Page MenuHomePhabricator
Paste P17115

kubestage1001 helm, tiller and IO debugging
ActivePublic

Authored by Jelto on Aug 31 2021, 12:44 PM.
Referenced Files
F34626700: kubestage1001 helm, tiller and IO debugging
Aug 31 2021, 12:48 PM
F34626699: kubestage1001 helm, tiller and IO debugging
Aug 31 2021, 12:47 PM
F34626698: kubestage1001 helm, tiller and IO debugging
Aug 31 2021, 12:44 PM
Subscribers
kubestage1001 has lot of IO (~95% utilization) and network traffic spices since 2021-08-27 15:00:
https://grafana.wikimedia.org/d/000000377/host-overview?orgId=1&var-server=kubestage1001&var-datasource=thanos&var-cluster=kubernetes&from=1630022400000&to=1630454399000
Two pods in ci namespace are ImagePullBackOffing. So I assume they pull the image quite often
jelto@kubestagemaster1001:~$ kubectl get pod -n ci -o wide
NAME READY STATUS RESTARTS AGE IP NODE NOMINATED NODE READINESS GATES
mediawiki-bruce-565648dddd-bfdhk 0/2 ImagePullBackOff 1 3d21h 10.64.75.203 kubestage1001.eqiad.wmnet <none> <none>
mediawiki-bruce-f78c5cd48-cnwlk 0/2 ImagePullBackOff 1 3d21h 10.64.75.199 kubestage1001.eqiad.wmnet <none> <none>
tiller-6dcbb48666-v2vbk 1/1 Running 0 3d21h 10.64.75.210 kubestage1001.eqiad.wmnet <none> <none>
Pods of mediawiki-bruce deployment have been created the same time the IO and network traffic increased.

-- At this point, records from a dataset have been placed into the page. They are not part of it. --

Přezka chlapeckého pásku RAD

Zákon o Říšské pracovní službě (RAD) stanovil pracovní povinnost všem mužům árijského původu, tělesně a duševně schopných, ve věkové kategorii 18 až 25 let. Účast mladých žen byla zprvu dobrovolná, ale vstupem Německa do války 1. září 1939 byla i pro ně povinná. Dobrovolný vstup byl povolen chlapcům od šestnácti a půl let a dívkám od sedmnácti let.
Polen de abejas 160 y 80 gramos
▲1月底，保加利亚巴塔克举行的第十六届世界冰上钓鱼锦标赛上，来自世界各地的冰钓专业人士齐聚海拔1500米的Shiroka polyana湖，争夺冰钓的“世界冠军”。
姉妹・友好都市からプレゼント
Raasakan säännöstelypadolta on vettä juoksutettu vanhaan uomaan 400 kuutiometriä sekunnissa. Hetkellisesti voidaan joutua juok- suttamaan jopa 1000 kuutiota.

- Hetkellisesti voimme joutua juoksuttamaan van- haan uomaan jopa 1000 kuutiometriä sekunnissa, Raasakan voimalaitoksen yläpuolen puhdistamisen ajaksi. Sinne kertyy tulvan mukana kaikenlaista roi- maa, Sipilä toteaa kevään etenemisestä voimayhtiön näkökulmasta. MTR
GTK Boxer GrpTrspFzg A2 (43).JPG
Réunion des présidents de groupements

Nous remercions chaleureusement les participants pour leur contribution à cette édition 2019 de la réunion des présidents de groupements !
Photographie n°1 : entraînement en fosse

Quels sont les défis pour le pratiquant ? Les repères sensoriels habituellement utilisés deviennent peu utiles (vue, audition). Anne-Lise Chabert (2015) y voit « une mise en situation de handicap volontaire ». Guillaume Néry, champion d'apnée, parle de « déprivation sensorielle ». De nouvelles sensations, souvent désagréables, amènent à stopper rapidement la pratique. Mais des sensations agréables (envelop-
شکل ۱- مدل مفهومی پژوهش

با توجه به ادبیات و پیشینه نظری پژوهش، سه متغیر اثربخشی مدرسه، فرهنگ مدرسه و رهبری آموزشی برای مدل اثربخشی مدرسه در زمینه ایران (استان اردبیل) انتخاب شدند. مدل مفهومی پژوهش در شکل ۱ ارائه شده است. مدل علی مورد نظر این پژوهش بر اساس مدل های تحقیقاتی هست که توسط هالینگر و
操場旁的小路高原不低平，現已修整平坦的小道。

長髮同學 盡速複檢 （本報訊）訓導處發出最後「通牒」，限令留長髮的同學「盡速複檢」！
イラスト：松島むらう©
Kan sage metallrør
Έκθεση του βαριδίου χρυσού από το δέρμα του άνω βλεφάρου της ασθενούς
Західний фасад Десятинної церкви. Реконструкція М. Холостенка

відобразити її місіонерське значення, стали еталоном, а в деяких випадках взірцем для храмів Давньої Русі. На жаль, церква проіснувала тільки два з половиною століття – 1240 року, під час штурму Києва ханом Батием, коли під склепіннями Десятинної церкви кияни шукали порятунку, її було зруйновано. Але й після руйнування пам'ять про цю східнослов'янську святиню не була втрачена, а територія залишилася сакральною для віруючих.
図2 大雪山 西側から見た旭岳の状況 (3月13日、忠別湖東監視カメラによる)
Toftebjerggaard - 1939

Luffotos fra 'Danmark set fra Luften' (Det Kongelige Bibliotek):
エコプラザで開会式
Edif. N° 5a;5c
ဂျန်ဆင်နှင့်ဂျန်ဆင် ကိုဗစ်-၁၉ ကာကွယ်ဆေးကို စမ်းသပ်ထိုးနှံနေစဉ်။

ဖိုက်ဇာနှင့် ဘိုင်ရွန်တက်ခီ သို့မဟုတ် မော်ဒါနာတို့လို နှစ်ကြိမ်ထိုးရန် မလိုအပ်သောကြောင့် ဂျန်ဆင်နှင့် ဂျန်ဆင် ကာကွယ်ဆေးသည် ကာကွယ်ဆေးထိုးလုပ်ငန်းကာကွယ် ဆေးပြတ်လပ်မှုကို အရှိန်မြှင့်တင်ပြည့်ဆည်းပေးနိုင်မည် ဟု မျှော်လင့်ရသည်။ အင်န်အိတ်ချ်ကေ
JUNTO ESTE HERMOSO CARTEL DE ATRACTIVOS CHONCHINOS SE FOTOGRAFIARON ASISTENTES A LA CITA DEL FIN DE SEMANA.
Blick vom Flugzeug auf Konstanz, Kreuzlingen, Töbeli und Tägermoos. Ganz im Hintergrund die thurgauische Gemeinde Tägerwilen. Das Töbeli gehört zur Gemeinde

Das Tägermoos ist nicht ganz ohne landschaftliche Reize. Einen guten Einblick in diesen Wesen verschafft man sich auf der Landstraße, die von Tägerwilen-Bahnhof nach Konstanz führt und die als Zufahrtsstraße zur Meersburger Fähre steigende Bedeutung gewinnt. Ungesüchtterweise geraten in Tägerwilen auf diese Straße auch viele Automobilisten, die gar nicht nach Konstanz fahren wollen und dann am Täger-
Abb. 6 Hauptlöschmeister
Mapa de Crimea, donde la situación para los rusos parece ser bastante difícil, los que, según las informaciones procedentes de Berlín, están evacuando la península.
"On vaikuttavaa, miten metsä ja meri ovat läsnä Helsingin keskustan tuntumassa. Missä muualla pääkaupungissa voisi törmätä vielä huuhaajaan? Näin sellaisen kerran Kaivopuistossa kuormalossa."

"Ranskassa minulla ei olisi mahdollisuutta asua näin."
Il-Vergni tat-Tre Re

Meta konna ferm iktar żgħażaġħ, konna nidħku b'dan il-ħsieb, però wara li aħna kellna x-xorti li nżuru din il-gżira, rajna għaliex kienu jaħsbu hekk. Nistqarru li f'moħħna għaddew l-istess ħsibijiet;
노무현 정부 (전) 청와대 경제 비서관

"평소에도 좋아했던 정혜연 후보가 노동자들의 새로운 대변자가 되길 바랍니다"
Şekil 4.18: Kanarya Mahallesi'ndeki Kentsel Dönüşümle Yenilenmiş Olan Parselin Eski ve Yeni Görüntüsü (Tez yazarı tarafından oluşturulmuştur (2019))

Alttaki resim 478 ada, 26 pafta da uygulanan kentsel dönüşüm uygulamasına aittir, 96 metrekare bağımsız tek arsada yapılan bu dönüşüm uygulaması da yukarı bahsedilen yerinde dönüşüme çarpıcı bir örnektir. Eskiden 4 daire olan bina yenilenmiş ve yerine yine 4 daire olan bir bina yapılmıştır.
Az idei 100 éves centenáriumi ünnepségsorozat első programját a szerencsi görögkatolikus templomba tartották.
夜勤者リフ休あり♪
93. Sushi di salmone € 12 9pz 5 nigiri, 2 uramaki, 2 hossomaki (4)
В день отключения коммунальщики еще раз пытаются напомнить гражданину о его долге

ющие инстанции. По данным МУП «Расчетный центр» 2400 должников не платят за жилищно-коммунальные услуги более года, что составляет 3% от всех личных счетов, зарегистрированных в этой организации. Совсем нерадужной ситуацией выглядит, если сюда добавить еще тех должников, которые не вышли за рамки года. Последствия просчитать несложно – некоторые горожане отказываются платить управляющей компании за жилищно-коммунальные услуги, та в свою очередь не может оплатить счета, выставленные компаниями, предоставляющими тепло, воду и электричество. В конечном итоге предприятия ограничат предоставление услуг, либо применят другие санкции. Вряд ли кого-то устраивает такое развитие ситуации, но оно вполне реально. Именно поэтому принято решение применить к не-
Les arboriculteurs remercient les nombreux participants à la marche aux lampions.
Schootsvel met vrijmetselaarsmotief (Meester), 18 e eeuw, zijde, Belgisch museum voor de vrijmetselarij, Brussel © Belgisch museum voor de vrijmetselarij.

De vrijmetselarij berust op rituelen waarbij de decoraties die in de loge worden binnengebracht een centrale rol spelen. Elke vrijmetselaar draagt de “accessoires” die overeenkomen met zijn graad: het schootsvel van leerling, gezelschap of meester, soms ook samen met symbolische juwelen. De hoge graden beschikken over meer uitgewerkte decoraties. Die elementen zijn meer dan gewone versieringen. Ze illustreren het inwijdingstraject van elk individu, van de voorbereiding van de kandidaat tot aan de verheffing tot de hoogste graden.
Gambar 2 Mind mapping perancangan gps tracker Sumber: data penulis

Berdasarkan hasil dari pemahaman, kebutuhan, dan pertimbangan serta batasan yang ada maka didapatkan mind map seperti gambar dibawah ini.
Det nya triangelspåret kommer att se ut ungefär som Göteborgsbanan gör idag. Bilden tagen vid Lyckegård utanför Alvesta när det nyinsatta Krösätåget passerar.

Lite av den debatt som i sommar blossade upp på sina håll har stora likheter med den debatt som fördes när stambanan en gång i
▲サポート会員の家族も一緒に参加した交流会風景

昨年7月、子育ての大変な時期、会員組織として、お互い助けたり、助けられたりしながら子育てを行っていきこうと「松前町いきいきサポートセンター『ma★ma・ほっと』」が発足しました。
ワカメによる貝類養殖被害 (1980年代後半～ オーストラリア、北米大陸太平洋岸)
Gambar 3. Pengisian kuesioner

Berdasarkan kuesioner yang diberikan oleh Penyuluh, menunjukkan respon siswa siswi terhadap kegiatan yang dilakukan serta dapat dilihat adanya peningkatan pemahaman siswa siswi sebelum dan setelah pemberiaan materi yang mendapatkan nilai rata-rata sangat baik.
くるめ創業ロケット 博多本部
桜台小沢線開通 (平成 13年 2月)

pods also have failed readiness probes:
Readiness probe failed: HTTP probe failed with statuscode: 503
I assume the deployment is trying to do a rolling update of the pods, as one pod has a newer mediawiki image specified:
jelto@kubestagemaster1001:~$ kubectl get pods -n ci -o=jsonpath='{range .items[*]}{"\n"}{.metadata.name}{":\t"}{range .spec.containers[*]}{.image}{" "}{end}{end}{"\n"}'
mediawiki-bruce-565648dddd-bfdhk: docker-registry.discovery.wmnet/restricted/mediawiki-webserver:2021-08-04-134912-webserver docker-registry.discovery.wmnet/restricted/mediawiki-multiversion:2021-08-23-184619-publish
mediawiki-bruce-f78c5cd48-cnwlk: docker-registry.discovery.wmnet/restricted/mediawiki-webserver:2021-08-04-134912-webserver docker-registry.discovery.wmnet/restricted/mediawiki-multiversion:2021-08-25-145508-publish
tiller-6dcbb48666-v2vbk: docker-registry.discovery.wmnet/tiller:2.16.7-3
Suggestion: temporary scale down mediawiki-bruce deployment to 0 replicas and see if load on kubestage1001 reduces and other services are reachable again (like tiller).